BEGIN

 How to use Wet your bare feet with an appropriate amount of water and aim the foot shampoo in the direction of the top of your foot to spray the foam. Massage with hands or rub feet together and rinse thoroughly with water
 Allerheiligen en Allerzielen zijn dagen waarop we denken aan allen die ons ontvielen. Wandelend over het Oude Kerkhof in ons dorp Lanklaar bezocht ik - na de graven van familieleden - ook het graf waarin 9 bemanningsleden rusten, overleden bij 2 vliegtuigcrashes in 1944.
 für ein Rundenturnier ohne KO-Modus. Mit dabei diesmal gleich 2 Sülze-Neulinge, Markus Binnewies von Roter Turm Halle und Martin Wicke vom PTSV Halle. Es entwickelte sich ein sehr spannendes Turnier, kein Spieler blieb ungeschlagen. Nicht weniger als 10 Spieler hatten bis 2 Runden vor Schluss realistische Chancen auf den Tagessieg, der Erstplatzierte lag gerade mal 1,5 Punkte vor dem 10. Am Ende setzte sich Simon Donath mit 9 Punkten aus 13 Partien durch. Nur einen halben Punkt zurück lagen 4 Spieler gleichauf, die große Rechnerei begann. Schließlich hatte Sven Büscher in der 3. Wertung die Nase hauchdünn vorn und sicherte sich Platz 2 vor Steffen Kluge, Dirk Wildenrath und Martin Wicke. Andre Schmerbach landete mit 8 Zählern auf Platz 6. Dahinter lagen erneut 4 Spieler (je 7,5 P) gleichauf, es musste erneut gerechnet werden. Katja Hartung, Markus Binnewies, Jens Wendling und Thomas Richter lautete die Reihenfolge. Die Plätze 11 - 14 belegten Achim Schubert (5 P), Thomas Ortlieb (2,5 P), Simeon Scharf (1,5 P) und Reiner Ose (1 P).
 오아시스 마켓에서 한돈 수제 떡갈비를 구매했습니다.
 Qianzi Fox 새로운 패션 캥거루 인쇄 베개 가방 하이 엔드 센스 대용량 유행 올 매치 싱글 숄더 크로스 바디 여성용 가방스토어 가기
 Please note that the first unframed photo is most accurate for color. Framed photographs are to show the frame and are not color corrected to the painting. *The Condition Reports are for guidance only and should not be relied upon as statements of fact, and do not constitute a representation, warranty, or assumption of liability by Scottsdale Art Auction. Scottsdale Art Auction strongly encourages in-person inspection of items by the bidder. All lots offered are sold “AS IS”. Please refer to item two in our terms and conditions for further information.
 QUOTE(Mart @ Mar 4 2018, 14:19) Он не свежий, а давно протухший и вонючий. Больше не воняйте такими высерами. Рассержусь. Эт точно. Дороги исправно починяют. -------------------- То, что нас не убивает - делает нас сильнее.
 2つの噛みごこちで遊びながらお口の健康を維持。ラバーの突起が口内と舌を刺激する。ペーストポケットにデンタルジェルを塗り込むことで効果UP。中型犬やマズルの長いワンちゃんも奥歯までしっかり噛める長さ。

END

**Assigned task:**
Please repeat the listing exactly, with nothing left out.

**Written answer:**
 How to use Wet your bare feet with an appropriate amount of water and aim the foot shampoo in the direction of the top of your foot to spray the foam. Massage with hands or rub feet together and rinse thoroughly with water
 Allerheiligen en Allerzielen zijn dagen waarop we denken aan allen die ons ontvielen. Wandelend over het Oude Kerkhof in ons dorp Lanklaar bezocht ik - na de graven van familieleden - ook het graf waarin 9 bemanningsleden rusten, overleden bij 2 vliegtuigcrashes in 1944.
 für ein Rundenturnier ohne KO-Modus. Mit dabei diesmal gleich 2 Sülze-Neulinge, Markus Binnewies von Roter Turm Halle und Martin Wicke vom PTSV Halle. Es entwickelte sich ein sehr spannendes Turnier, kein Spieler blieb ungeschlagen. Nicht weniger als 10 Spieler hatten bis 2 Runden vor Schluss realistische Chancen auf den Tagessieg, der Erstplatzierte lag gerade mal 1,5 Punkte vor dem 10. Am Ende setzte sich Simon Donath mit 9 Punkten aus 13 Partien durch. Nur einen halben Punkt zurück lagen 4 Spieler gleichauf, die große Rechnerei begann. Schließlich hatte Sven Büscher in der 3. Wertung die Nase hauchdünn vorn und sicherte sich Platz 2 vor Steffen Kluge, Dirk Wildenrath und Martin Wicke. Andre Schmerbach landete mit 8 Zählern auf Platz 6. Dahinter lagen erneut 4 Spieler (je 7,5 P) gleichauf, es musste erneut gerechnet werden. Katja Hartung, Markus Binnewies, Jens Wendling und Thomas Richter lautete die Reihenfolge. Die Plätze 11 - 14 belegten Achim Schubert (5 P), Thomas Ortlieb (2,5 P), Simeon Scharf (1,5 P) und Reiner Ose (1 P).
 오아시스 마켓에서 한돈 수제 떡갈비를 구매했습니다.
 Qianzi Fox 새로운 패션 캥거루 인쇄 베개 가방 하이 엔드 센스 대용량 유행 올 매치 싱글 숄더 크로스 바디 여성용 가방스토어 가기
 Please note that the first unframed photo is most accurate for color. Framed photographs are to show the frame and are not color corrected to the painting. *The Condition Reports are for guidance only and should not be relied upon as statements of fact, and do not constitute a representation, warranty, or assumption of liability by Scottsdale Art Auction. Scottsdale Art Auction strongly encourages in-person inspection of items by the bidder. All lots offered are sold “AS IS”. Please refer to item two in our terms and conditions for further information.
 QUOTE(Mart @ Mar 4 2018, 14:19) Он не свежий, а давно протухший и вонючий. Больше не воняйте такими высерами. Рассержусь. Эт точно. Дороги исправно починяют. -------------------- То, что нас не убивает - делает нас сильнее.
 2つの噛みごこちで遊びながらお口の健康を維持。ラバーの突起が口内と舌を刺激する。ペーストポケットにデンタルジェルを塗り込むことで効果UP。中型犬やマズルの長いワンちゃんも奥歯までしっかり噛める長さ。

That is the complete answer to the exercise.